Doing Good In This World (Using Money)


What's the meaning of life? In my opinion, each person has to decide what that is for themselves. For me, it's making the world a better place, and being happy doing it. 

I am lucky to have worked myself into a job where, day to day, I'm doing just this. Educating people and doing scientific research is good for the world, and I work hard at it. So in terms of time, I feel pretty good about my contribution.

Then there's money. Money can be used to help the world too. There are two questions that everyone should answer for themselves: how much of their money will they give and what will they do with it? 

Each person will have their own amount of money that they should give. I think it should be thought of in percentages-- the more money you make, the higher a percentage of your income should go toward charity. How much is that number? I have no idea, and most people I ask have no idea either.

The philosopher Peter Singer has a simple argument that relates to my previous post on the omission bias:
1. Suffering is a bad thing
2. Relieving suffering is a good thing
3. If you can relieve suffering and you don't, it's a bad thing.
4. You should relieve suffering.

It's hard to find fault with this argument. As for Peter Singer himself, he gives 25% of his income to Non-governmental organizations (NGOs) to help the world out. He considers spending money on luxuries to be wrong. I understand that most people in America and Canada will have an instinctive negative reaction to this idea. Before you react too strongly, please take a bit of time to consider it carefully, rationally. Our culture has an ethic that it's perfectly fine to spend the money you earn on yourself, which I think is a questionable value. 

Anyway, I'm making plenty of money. In our culture, studies show that happiness increases with income until you reach about 40k per year, and then it plateaus. That means you habituate to your lifestyle, whether that means being able to afford to eat out once in a while and go to movies or to fly to Paris for dinner in your private jet, after about a year you get used to it and return to the normal of level of happiness that you're used to. 

What this means to me is that everybody who's making over 40k should be donating some proportion of their income to charity. 

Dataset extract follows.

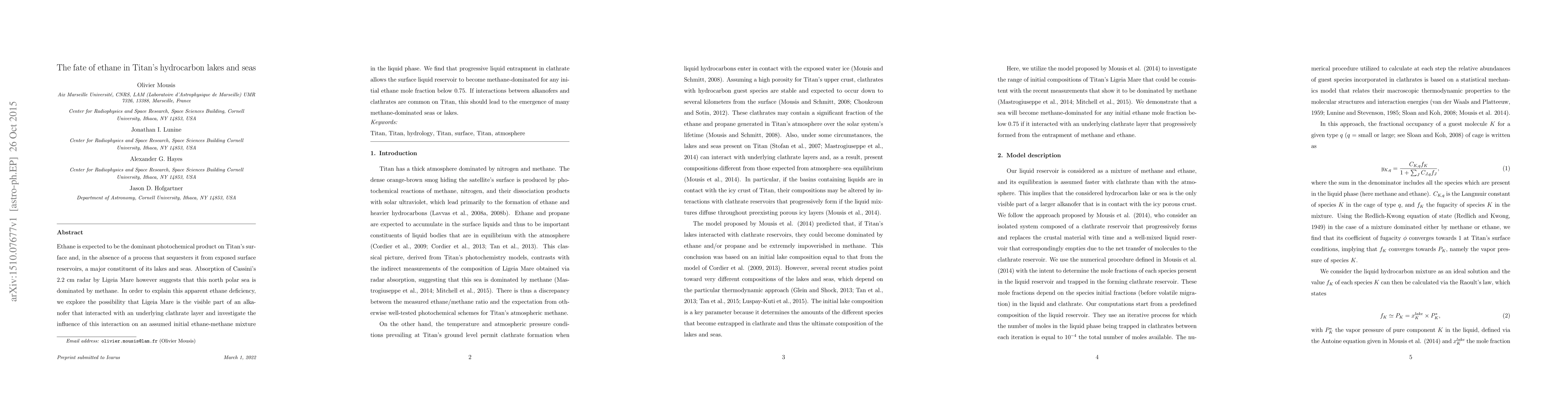 This paper investigates why Titan's Ligeia Mare is dominated by methane despite ethane being the primary photochemical product, suggesting that ethane is sequestered in clathrate layers beneath the lake's surface, leading to methane-dominated surface reservoirs.

I love the book "All Your Worth." It's a simple money-management plan that's helped me enormously. The basic idea is to spend no more than 50% of your income on necessities, 30% for discretionary spending, and the remaining 20% for saving and investing. Conspicuously missing from this is charity. 

Perhaps 20% is excessive for savings. What my wife and I have decided to do is to spend 2% of our income on some charity. We will take it out of the savings each year. We actually save 18% of our income for savings, currently, so in the end we'll be saving 15% for investment, and giving 2% each year to charity. 

What percentage of your income to do you give to charity?
More importantly, what percentage of your income should you give to charity?
I'd love to see your answers to these questions in the comments. 

Note that I have not mentioned what charities to give to. That will be the subject of a future post. I separate them deliberately: the choice to give and the choice of what cause to give to should be separate choices, because choosing what cause to support is terribly difficult, and can cause paralysis, resulting in your not giving anything at all.  

Pictured is Bill Gates, the world's richest man, who, with his wife Melinda, are donating an enormous amount of money to awesome charities. More on this great man in my next post.  

Bookmark and Share

Comments

Jim - do you mean 2% of your net income (after taxes), or 2% of the gross? Do you think that people in countries with low tax rates have an obligation to give more?